The Applied Machine Learning Days are one of the largest machine learning & AI events in Europe, focused specifically on the applications of machine learning and AI, making it particularly interesting to industry and academia.
Each month, a domain-specific track will feature top-level speakers, discussions and keynotes. Some tracks will be preceded or followed by a workshop day focussed on hand-on sessions, coding classes and tutorials. 

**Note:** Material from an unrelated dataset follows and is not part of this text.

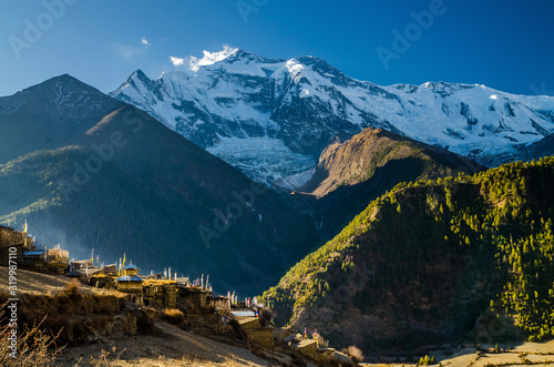 Upper Pisang village in sunny morning against Mt. Annapurna II. Marshyangdi river valley, Annapurna circuit trek, Nepal.
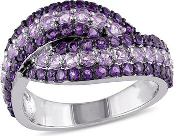 A crossover ring secured in a sterling silver setting is encrusted with two-tone amethysts for a pop of color.

Given the enormous increase in healthcare data volumes, our ability to effectively share, integrate and analyze is critical to advancing our understanding of the disease and bringing affordable and efficacious treatments to patients. Due to the breadth and depth of the healthcare data across various modalities such as clinical, genomics, imaging and digital sensors, we need to move beyond traditional methods and bring advanced ML/AI implementations to maximally benefit from the richness of the collected data. As part of the drug development life-cycle vast amounts of clinical trials data are collected in order to identify targets of interest, discover biomarkers to stratify patients who could benefit from the drug, and to study the safety and benefit profile of the drug. Furthermore, after the drug is brought to the market its use in a broader population is collected in a wide range of real-world data sources including, but not limited to, electronic medical records, disease registries, health insurance claims​​and digital devices. To date the Pharma industry has not leveraged the wealth of this information to deliver truly personalized care for patients.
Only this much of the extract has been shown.